The buyer had it cleaned, then asked French art expert Simon Lee from the University of Reading (UK) for his help in authenticating it.  “Although the painting is signed with David’s genuine signature, the cleaning revealed the word Rouget and the date 1813 appeared in the underpaint,” Lee said.  Georges Rouget was David’s assistant for almost 10 years, and had a role in putting images on the canvas. “Some collectors or museums might be put off by having two names on the canvas — but in many ways that is proof that it is an authentic product of David’s working process.”

Although Lunghu loves a juicy art forgery hoax, this particular episode seems to have a sonorous ring of actual authenticity. The work was in the collection of an ancient Scottish clan with a long history of royal military service and plunder:

Lord Borthwick is a title in the Peerage of Scotland. Tradition asserts that the progenitor of Clan Borthwick was Andreas, who accompanied the Saxon Edgar the Ætheling and his sister, Margaret, who was later queen and saint, to Scotland in 1067. However recent research has suggested that the Borthwicks may have come to Scotland with Julius Caesar’s roman legions.  Alexander Nisbet noted that “this family was dignified with the title of Lord Borthwick in the beginning of the reign of King James II,” which commenced in 1437.  Of the first Lord, Burke’s Peerage (1999) merely states: “knighted before his father in 1430; one of the magnates who according to contemporary records habitually plundered the Customs.”  The ancestral seat of the Borthwick family is Borthwick Castle in Midlothian.

Throughout the eighteenth and nineteenth centuries, numerous Borthwicks served in the British armed forces at home and abroad, including during the Napoleonic Wars. Certainly there would have been ample opportunity to have brought home a war trophy or two.  After all, the clan crest features the black head of a Moorish captive.  A mere portrait of Bony would have been a poor substitute, but perhaps the next best thing.
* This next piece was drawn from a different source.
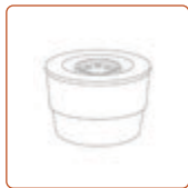
Холдер для молотого кофе

Fifteen works that make up the Borthwick-Norton collection were bequeathed to the Scottish government by Mrs Eva Sardinia Borthwick-Norton at the time of her death in 1988, in lieu of tax.  Mrs Borthwick-Norton stipulated in her will that the collection be exhibited at the Royal Scottish Academy . The collection includes two Gainsborough portraits, Murillo’s The Miracle of the Loaves and Fishes, a portrait by Rubens and works by Albert Cuyp, Louis-Léopold Boilly, Nicolas Lancret and Jan van der Heyden.

Although no one is explicitly laying out this painting’s chain of custody, there don’t appear to be recent gaps in the provenance: always a good sign.  Lunghu predicts that the “New York private collector” will eventually seek to sell this premier example of  Jacques-Louis David’s 19c propaganda art to a deep-pocketed French museum such as the Louvre … or perhaps to an art aficionado with a Napoleonic complex.

An Interesting Twist

Note the coincidental(?) resemblance of the Borthwick clan crest to the emblem of Corsica’s separatist movement, the FLNC.  Is somebody making a statement?